Consistent Three-Dimensional Elasto-Plastic Model to Study Unsaturated Soil Behavior with Considerations of Coupled Hydro-Mechanical Hysteresis

Abstract

This paper presents a consistent three-dimensional elasto-plastic model to study unsaturated soil behavior with consideration of coupled hydro-mechanical hysteresis. The model was first formulated under isotropic conditions with special consideration to the non-linearity of the hydraulic behavior. Only one yield curve is used to represent the yielding of both mechanical and hydraulic behaviors (i.e., the occurrence of plastic water content changes and mechanical strains). Later, the model is extended to general three-dimensional stress conditions.

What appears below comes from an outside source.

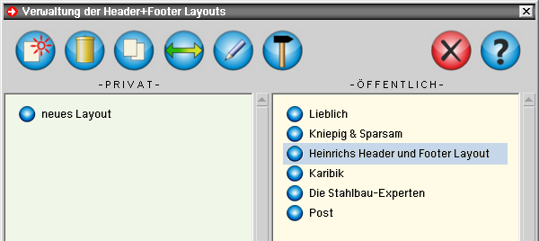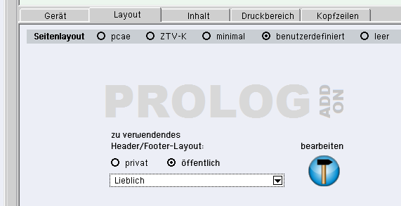Mit den nebenstehenden Schaltflächen kann das Ergebnis eines gestalteten Header/Footer-Layouts überprüft werden.

It was formulated in a way that a smooth transition between the saturated and unsaturated soil states is guaranteed. The model provides consistent predictions for different soil phases that is considered a significant limitation in many existing models. One of the characteristic features of the proposed model is the ability to represent the hydro-mechanical coupling during shearing. Moreover, the model is able to represent the degree of saturation increase or decrease during shearing that is closely related to the soil’s contractive or dilative behavior, respectively. The model is validated through the prediction of several hydro-mechanical behavioral features. The paper also compares the model predictions with published experimental results performed under different loading conditions. The response of the model is satisfactory in relation to both mechanical and hydraulic behaviors.